1423 - INVISIBLE EPIDEMICS: APPLYING LESSONS FROM GERM THEORY TO INTEGRATE CHILDHOOD TRAUMA INTO HEALTH SYSTEMS

Session: D06S042 - Trauma & Resilience 2
AUTHORS:
Navsaria Ashwin (Nelson Mandela University ~ Port Elizabeth ~ South Africa)
Abstract text:
The nineteenth-century acceptance of germ theory transformed medicine and public health by revealing that invisible microorganisms shaped disease and could be controlled through systemic interventions. More than a century later, the Adverse Childhood Experiences (ACE) framework exposes another set of hidden determinants: childhood traumas that profoundly influence mental and physical health across the lifespan. Evidence consistently links ACEs to depression, substance use, chronic disease, and premature mortality, yet trauma-informed approaches remain marginal in many health systems.
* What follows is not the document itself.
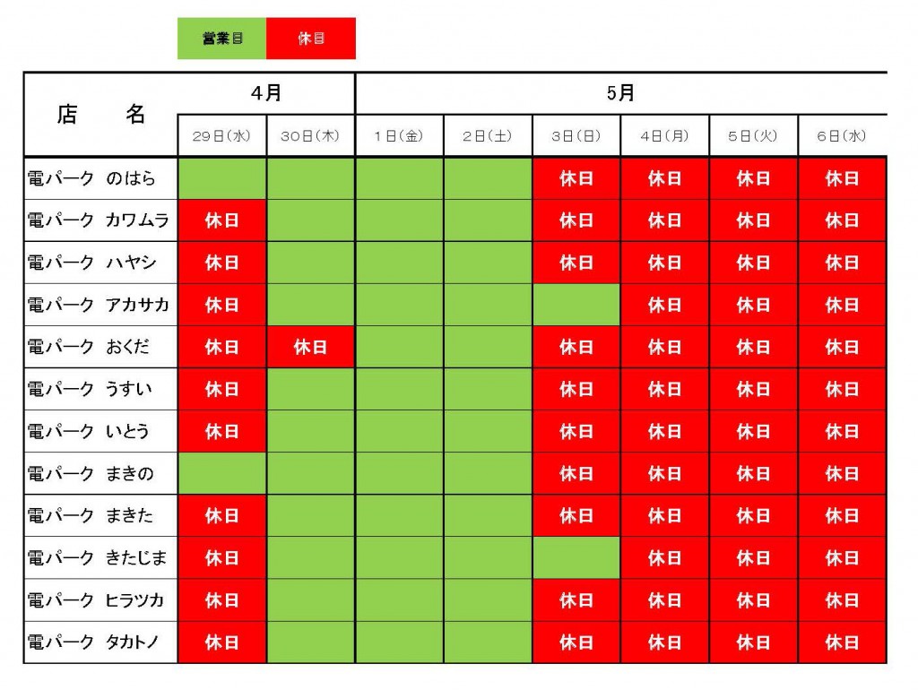 ゴールデンウィークの休日のお知らせ

This presentation will argue that the history of germ theory offers a powerful analogy for integrating ACEs into South African primary care. Like germs, trauma is invisible, stigmatised, and transmitted across generations; and like germs, it requires systemic rather than individual solutions. Using applied psychology as a lens, the presentation will explore barriers to integration, including limited visibility of trauma in clinical encounters, resource constraints, cultural pluralism, and policy gaps. Lessons drawn from germ theory highlight strategies that applied psychologists can advance: developing culturally adapted screening tools, training and empowering community health workers to deliver trauma-informed interventions, embedding evidence-based programmes into maternal and child health services, and advocating for alignment with National Health Insurance reforms.


By reframing ACEs as an unseen but actionable determinant of health, this presentation will demonstrate how applied psychology can contribute to systemic reforms that reduce intergenerational trauma and promote equity. For South Africa, and comparable contexts globally, integrating ACEs into primary care represents both a clinical necessity and a public health imperative.